E-Mailers Cool Down on Goodmail, Lawmakers Heat Up

Though the controversy over AOL’s use of Goodmail CertifiedEmail has subsided in the e-mail industry, nonprofit and advocacy groups – as well as a state lawmaker in California – continue to express concerns.

The latest opposition came last week from California state Sen. Dean Florez, who called for a closer look at the program.

“It seems to me that AOL is setting a horrible precedent here,” said Florez, a Democrat. “The whole idea of Net Neutrality gets wiped away, and we are left with an Internet of haves and have-nots.”

Florez told DM News that he wants Yahoo and AOL technical experts to explain how Goodmail and its fees will work at a March 28 hearing. He also wants AOL to explain the program before it rolls out in April. Yahoo plans to implement a CertifiedEmail program in a few months as well.

AOL recently told nonprofits they can get free third-party e-mail accreditation, but only discounted rates for Goodmail CertifiedEmail. Florez wants to determine how AOL defines a nonprofit group, because some churches and other organizations are not classified as 501c nonprofits but still wouldn’t have the money to pay for a premium e-mail delivery service. Instead of proposing legislation on the issue, Florez aims to “have them publicly explain … what it is. Maybe AOL hasn’t thought out the end-user consumer perception of this.”

Meanwhile, e-mail service providers said they are still trying to assure clients that their e-mails will be delivered properly in AOL.

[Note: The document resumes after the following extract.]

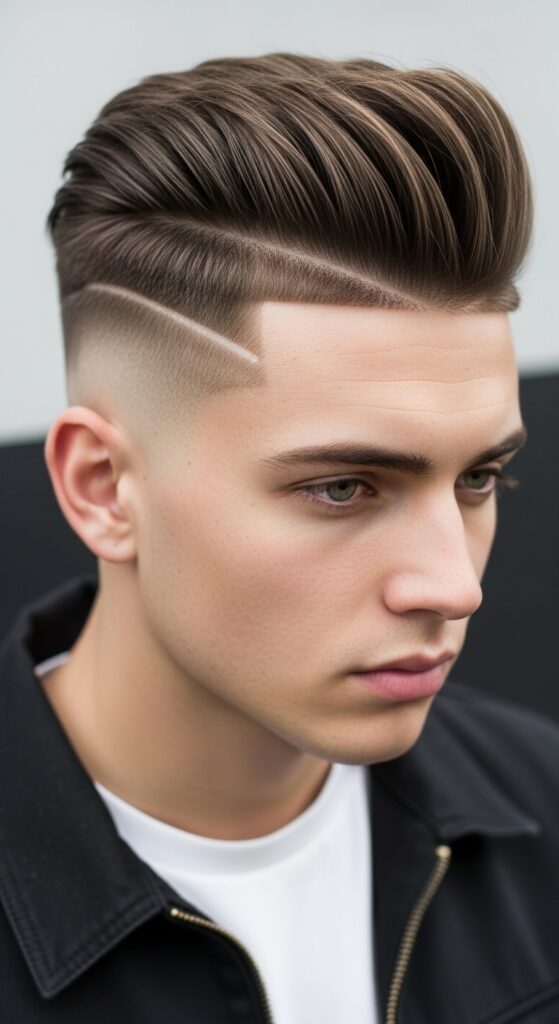 Ask your barber to trim or define the part. Use a matte paste or pomade to style the top, emphasizing the separation. It’s a clean, sharp look that upgrades any men’s cut with minimal effort.

“I think there is still some confusion out there, but nowhere near as bad as when the announcement first came out,” said Annette Tonti, CEO of e-mail marketing firm Bluestreak, Providence, RI. “The way AOL handled it initially caused the grief. They made it sound like, ‘Everything else is going away, and you have to do this.’ Then they went back and said, ‘You don’t have to do this.’ It confused everyone.”

Bluestreak and many other ESPs are offering Goodmail CertifiedEmail to senders who choose to use it. “It’s basically a way to send your mail very specifically packaged up, kind of like FedEx,” Tonti said. “It gets there quicker and more assured.”

Groups opposing AOL could be reassured by a report from the nonprofit Center for Democracy and Technology, Washington, which said last week that it’s not concerned about CertifiedEmail.

“CDT does not believe the service will harm the ability of non-paying senders to deliver messages to AOL customers,” according to a statement in its “Certified Email Plan Stirs Controversy” report. Legitimate bulk mailers who opt not to participate should see no decline in deliverability.

Also, consumers should not confuse the CertifiedEmail controversy with Net Neutrality, an issue that has been raised by nonprofits and legislators.

“CDT believes that certified mail and network neutrality are distinct and separate issues, distinguished by significant differences relating to competition, capacity and architecture,” the report said.

Though critics have said spam could rise with CertifiedEmail, CDT noted that Goodmail required extensive screening of companies signing up: “Thus, spammers and unscrupulous marketers will not be able to pay their way around AOL’s spam filters.”

Spammers getting more mail through on AOL is one issue that concerns Florez.

“There is an assumption there that spammers won’t pay,” he said. “I know a lot of people who would pay.”

AOL Clarifies CertifiedEmail

AOL clarified several points about CertifiedEmail in a “Fiction Versus Fact” paper it distributed. DM News excerpts the main points:

Fiction: CertifiedEmail is an “e-mail tax.”

Fact: This term is perhaps an eye-catching, political fundraising tool, but just plain bad information. The consumer pays nothing. AOL opposes the concept of any kind of e-mail tax.

Fiction: CertifiedEmail is exactly what proponents of “Net Neutrality” have warned about.

Fact: An alarming “reach” … [it] has absolutely nothing to do with so-called “Net Neutrality.” It’s not an “apples-and-oranges” comparison. It’s more like “apples and kumquats.”

Fiction: CertifiedEmail is a way for spammers to send unwanted e-mail to consumers.

Fact: Goodmail strictly disallows those who have not previously secured the expressed consent of consumers from signing up for Goodmail tokens.

Fiction: CertifiedEmail circumvents and replaces AOL’s existing anti-spam tools and filters.

Fact: AOL always has and always will retain the right to make final determinations about who does and does not e-mail our members. Besides, the Goodmail sender verification process is comprehensive, thorough and strict.